The book advises using Samatha to calm and steady the mind first—like clearing the table—before switching to Vipassana for true insight. This time, I understood and applied this much better. When my focus drifted during watching, I'd return to the breath for that profound calm, then shift back to observing.

A monk practicing meditation in a serene temple setting.

Emerging Defilements and True Progress

The deeper you go, the more subconscious defilements surface: anger, fear, hatred, greed—deep-rooted patterns most of us suppress. The book and my experience confirm this can feel more painful initially than ignoring them. But it's like extinguishing a house fire: once the blaze is out, you can easily spot and douse small sparks.

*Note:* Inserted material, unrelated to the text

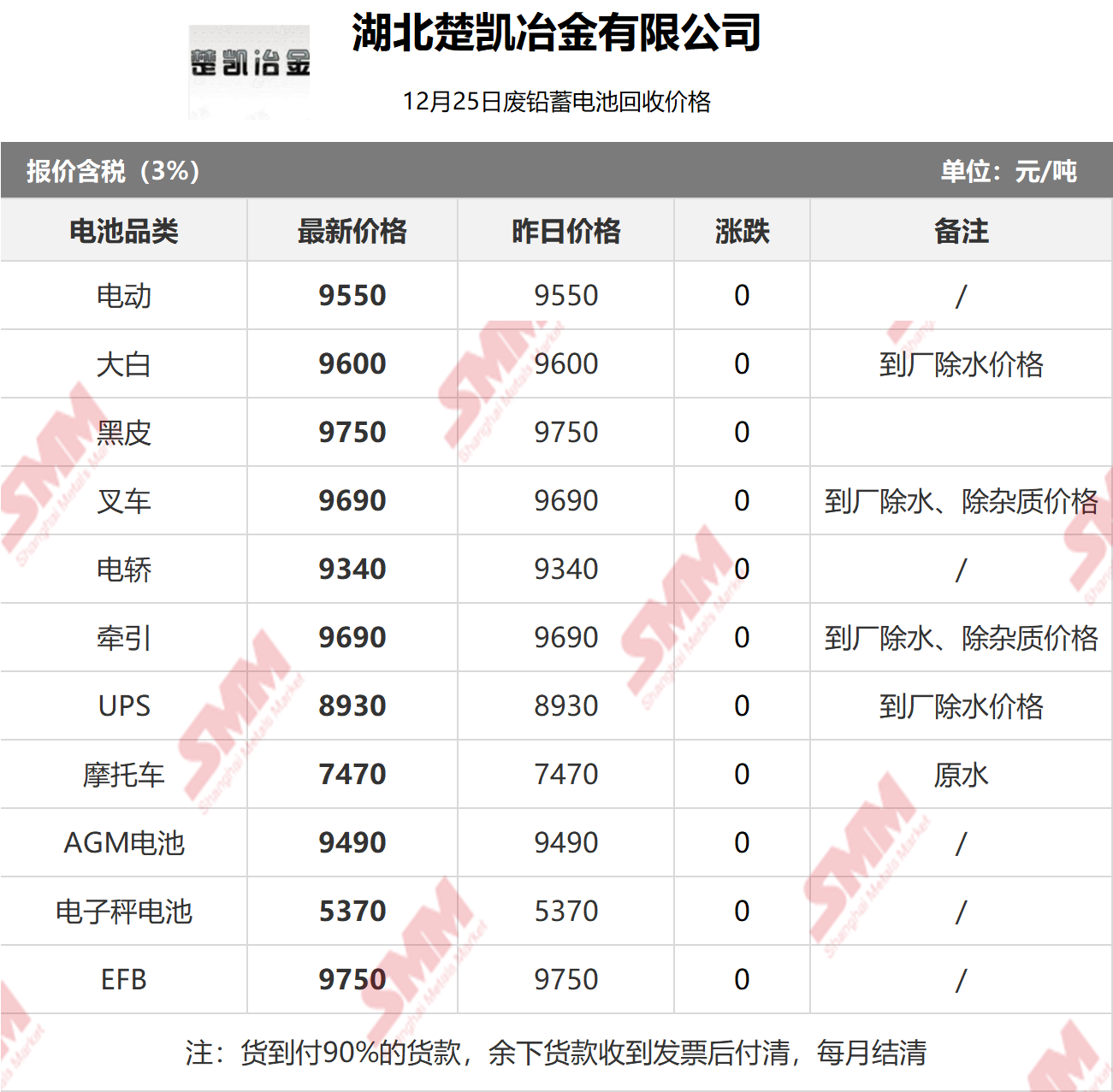 SMM 2025/12/25 国内知名再生铅企业废电瓶采购报价
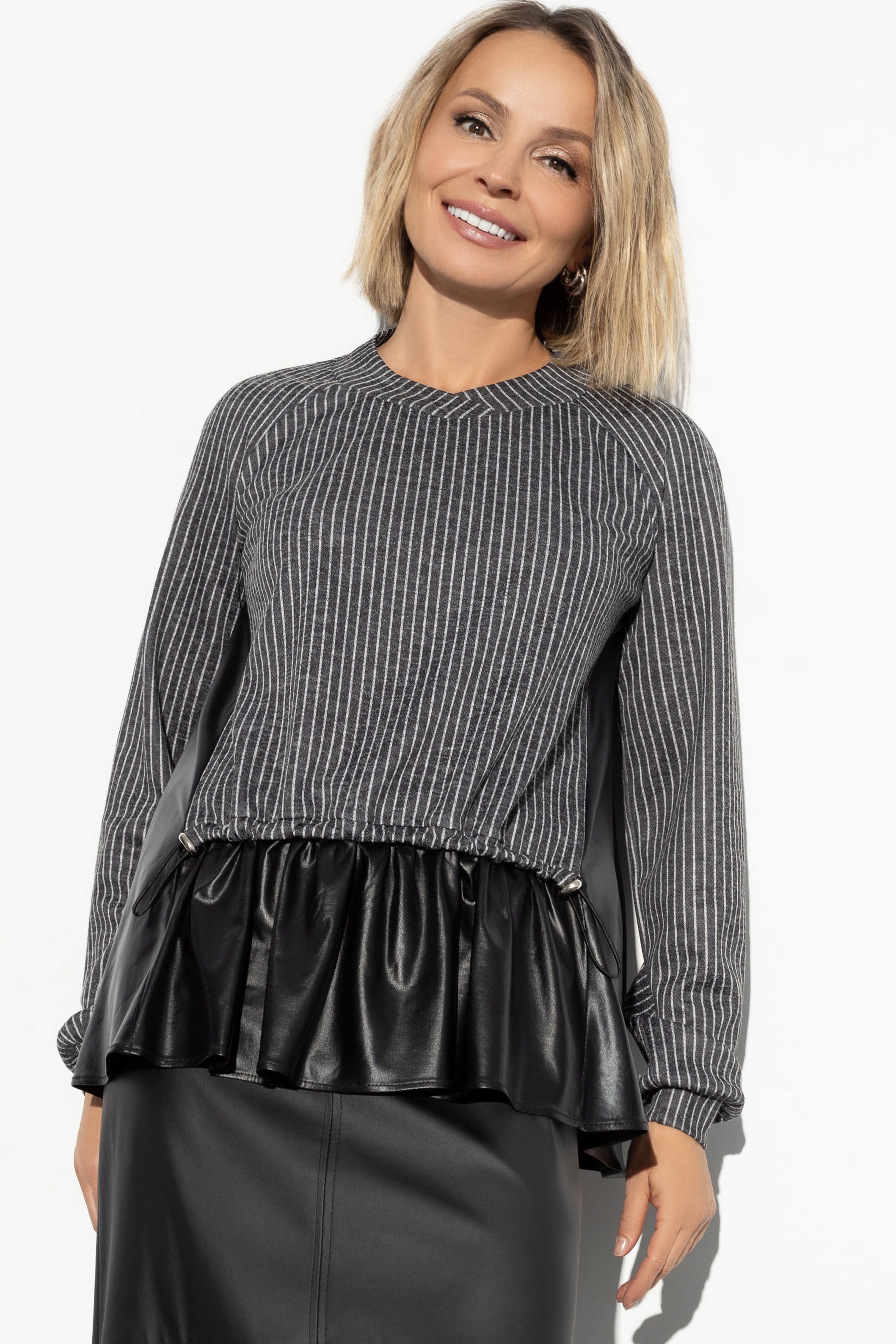 Блузка чёрная с пышными рукавами и воротником стойка Шарлиз, шик нью

Amid rapid changes in the world, my businesses, and relationships, these arose intensely—but facing them is the essence of real meditation, beyond just the blissful states of Samatha.

One profound moment: After meditating seated for 90 minutes, intense leg pain arose. I wanted to move, but then realized—I am not the pain. The sensation dissolved completely for many minutes. The same happened with a headache. By observing it as one of the five aggregates, as impermanent human suffering, I released attachment to it. (The pain did return later during longer two-hour sits, but those moments of release were extraordinary.)

A Surreal Encounter with Impermanence

In the final hours before my wife Wendy picked me up, I sat by the pond where visitors feed hundreds of pigeons and fish. While reading on a bench, at exactly 1 PM, a loud thud sounded in front of me.

A pigeon had fallen from a tree and lay dying just four feet away—directly in my line of sight. It struggled to rise, beak gasping for air four or five times, eyes locked on mine in its final moments.

Then, horrifyingly, a group of other pigeons descended, pecking at its eyes and trampling the body. I found a broomstick and large leaf from the groundskeepers, gently swept the pigeon onto the leaf, and carried it to a secluded area under a tree, covering it with leaves for a peaceful rest.

The pond area at Wat Umong, home to many pigeons and fish.

When I told Wendy later, she said the pigeon had sacrificed itself—taking on a burden or pain meant for me. A profoundly surreal reminder of impermanence and suffering.

Hundreds of pigeons live and die there daily, but this one connected directly with me in its final breaths. Life is suffering (dukkha), yet realizing we are not a separate "self"—we are interconnected—offers the path to release.

In our age of AI and rapid technological change, these ancient Buddhist insights feel more relevant than ever.